Luis María Ureta Sáenz Peña (born 30 May 1944) is an Argentine businessman and diplomat. He was the Argentine Ambassador to France since 2007, and formerly headed the operations of Peugeot-Citroën in Argentina.

The great-grandson of former President Luis Sáenz Peña and the great nephew of President Roque Sáenz Peña, Ureta attended secondary school in France and studied law and political science.

Ureta was named chairman of Peugeot-Citroën in Argentina, and chairman of the Association of Car Manufacturers of Argentina (ADEFA). During the 1998–2002 Argentine great depression in 2002, he convinced his parent company to invest 50 million Euros in their El Palomar plant to manufacture the Peugeot 307.

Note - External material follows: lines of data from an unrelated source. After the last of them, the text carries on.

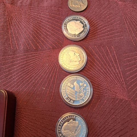 Sælger en spændende samling af både danske jubilæumsmønter og sjældne udenlandske mønter fra forskellige perioder og lande. Perfekt til både nye og erfarne samlere! Mønterne sælges som samling og enkeltvis. Hvis du skal have dem enkeltvis, så henvend dig til mig om pris.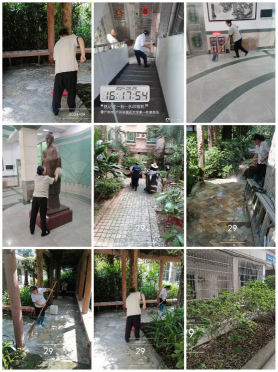 从5月至10月,校园内每月组织开展4次消杀活动,国庆期间大学城校区已连续3天开展集中消杀。工作人员深入各栋楼宇前后庭,全面细致检查校园各个角落,并对绿化树木、下水管道、天面楼顶等易孳生蚊虫的重点公共区域进行药物喷洒,同时清理垃圾杂物、卫生死角,从源头上有效遏制蚊虫的繁殖。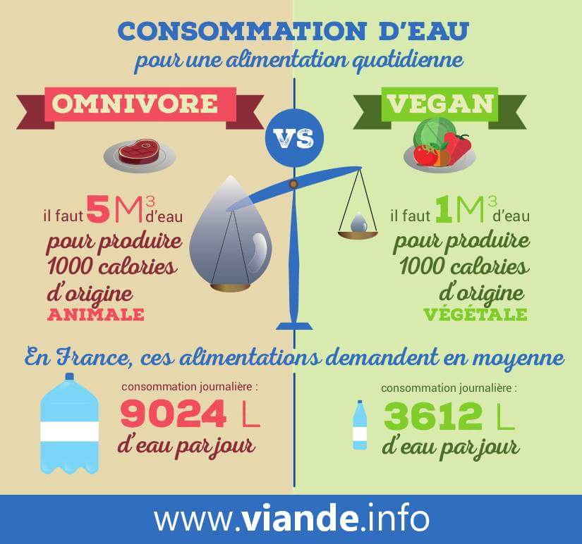 Consommation d’eau pour une alimentation quotidienne: omnivore vs vegan
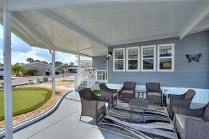Mostly Furnished with Many Updates, this Move-In-Ready 2 Bedroom/ 2 Bath Park Model on OWNED Corner Lot with 3-hole Putting Green and Covered Carport/Entertainment Area is located 1 block from the Community Pool and Clubhouse. Transferable Choice Home Warranty through 2/17/2027. Updated eat-in kitchen has white cabinetry, stainless-steel kitchen appliances and tile backsplash. Water heater replaced 2025; Plumbing updated 2025; HVAC replaced 2023; Comfort Cover Systems roof replaced 2015 with 15 year warranty ($250 charge to new homeowner to transfer warranty). Many replacement windows with blinds, newer ceiling fans and solid surface floors throughout. Cedar closet in primary bedroom. Pocket doors maximize interior space. Attached storage shed with shelving plus 2 locking exterior storage units. Low monthly HOA fee includes water, trash pick up and lawn care. Mockingbird Ridge is a 55+ golf cart friendly community.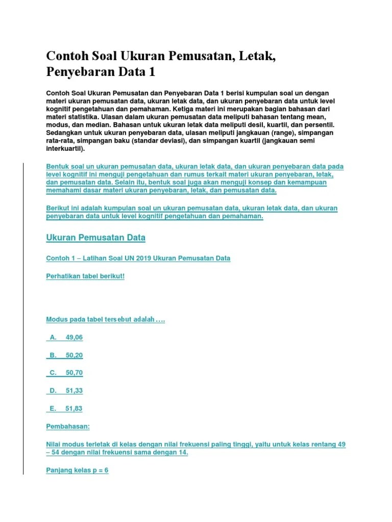 5 karyawan gaji/bln @ rp. Diskusikan soal yang ada pada modul ini bersama kelompok kalian melalui forum. Materi mean, median, modus adalah salah satu bentuk ukuran pemusatan data yang sering digunakan dalam ilmu statistika. Dalam statistika dikenal adanya ukuran pemusatan data. Berikut ini penulis sajikan soal soal beserta pembahasannya tentang statistika .

Ureta replaced Eric Calcagno as Ambassador to France in December 2007; Calcagno returned to Argentina to succeed President-elect Cristina Fernández de Kirchner in the Argentine Senate. Governor Felipe Solá reportedly turned down the role before it was offered to Ureta Sáenz Peña. Ureta had himself been offered a role in the government as Industry Secretary which he turned down. The decision to appoint him was confirmed in February 2008.

Ureta Sáenz Peña has received the honours of Chevalier and Officier of the Légion d'honneur and Chevalier of the Ordre national du Mérite. He resigned his post as Ambassador to France in December 2010, citing personal obligations.